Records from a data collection

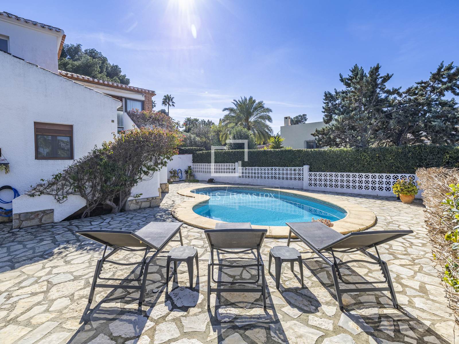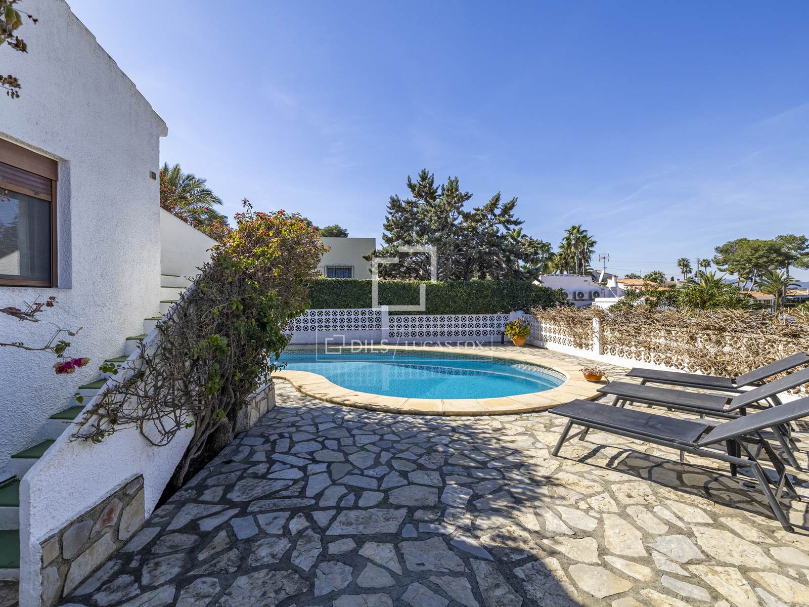 Ubicada en la consolidada zona residencial de Toscal en Jávea (Xàbia), la vivienda disfruta de una ubicación tranquila a pocos pasos de las aguas cristalinas de Cala Blanca y a solo unos minutos en coche del paseo marítimo de la playa de arena del Arenal con sus restaurantes, cafeterías y tiendas.
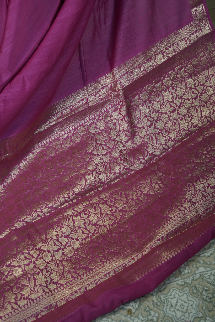 Rooted in the timeless grandeur of Kashi, The Kashi Rani brings together the richness of Banarasi artistry and the fluid elegance of pure Chiniya silk. The vibrant rani pink hue radiates regal warmth, while the finely woven zari border and pallu echo the intricate detailing synonymous with Varanasi's weaving legacy.
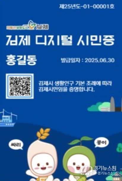 [경기뉴스원/경기뉴스1] | 김제시가 생활인구 확대와 지역 활력 제고를 위해 구축한 ‘지평선생명도시 김제시민제도’ 디지털 시민증이 지난 7월 본격 시행 이후 불과 두 달 만인 8월 말 기준으로 발급자 1만 명을 돌파하는 성과를 거뒀다.
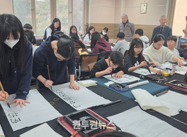 (원투원뉴스) 경북교육청은 12일 안동시에 있는 경상북도유교문화회관 교육관에서 도내 초․중․고등학생 70여 명이 참여한 가운데 ‘가족이름 한자 붓글씨 쓰기 대전’을 성황리에 개최했다고 밝혔다.
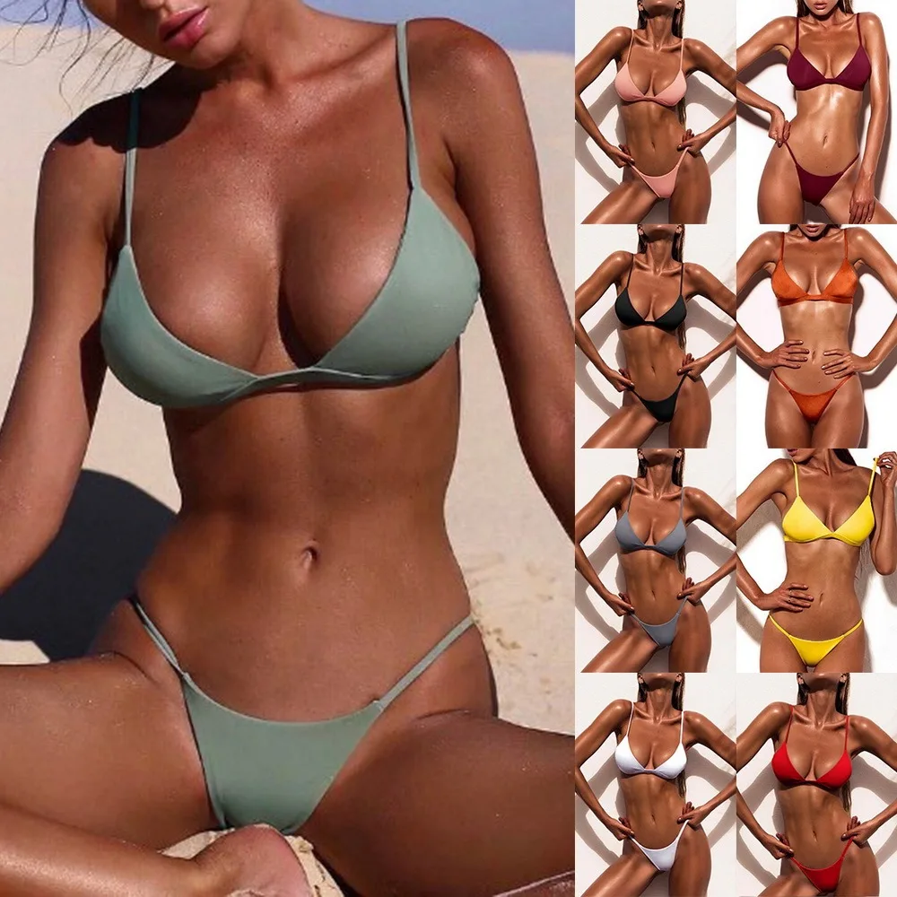 Новинка 2021, пляжная одежда, сексуальное бикини с низкой талией, купальник для женщин, купальник пуш-ап, женский купальный костюм, бразильский комплект, сексуальные стринги, бикини

Exercise prompt =>
Your task is an exact transcription of all the data, minus the pictures.

Task answer =>
 Ubicada en la consolidada zona residencial de Toscal en Jávea (Xàbia), la vivienda disfruta de una ubicación tranquila a pocos pasos de las aguas cristalinas de Cala Blanca y a solo unos minutos en coche del paseo marítimo de la playa de arena del Arenal con sus restaurantes, cafeterías y tiendas.
 Rooted in the timeless grandeur of Kashi, The Kashi Rani brings together the richness of Banarasi artistry and the fluid elegance of pure Chiniya silk. The vibrant rani pink hue radiates regal warmth, while the finely woven zari border and pallu echo the intricate detailing synonymous with Varanasi's weaving legacy.
 [경기뉴스원/경기뉴스1] | 김제시가 생활인구 확대와 지역 활력 제고를 위해 구축한 ‘지평선생명도시 김제시민제도’ 디지털 시민증이 지난 7월 본격 시행 이후 불과 두 달 만인 8월 말 기준으로 발급자 1만 명을 돌파하는 성과를 거뒀다.
 (원투원뉴스) 경북교육청은 12일 안동시에 있는 경상북도유교문화회관 교육관에서 도내 초․중․고등학생 70여 명이 참여한 가운데 ‘가족이름 한자 붓글씨 쓰기 대전’을 성황리에 개최했다고 밝혔다.
 Новинка 2021, пляжная одежда, сексуальное бикини с низкой талией, купальник для женщин, купальник пуш-ап, женский купальный костюм, бразильский комплект, сексуальные стринги, бикини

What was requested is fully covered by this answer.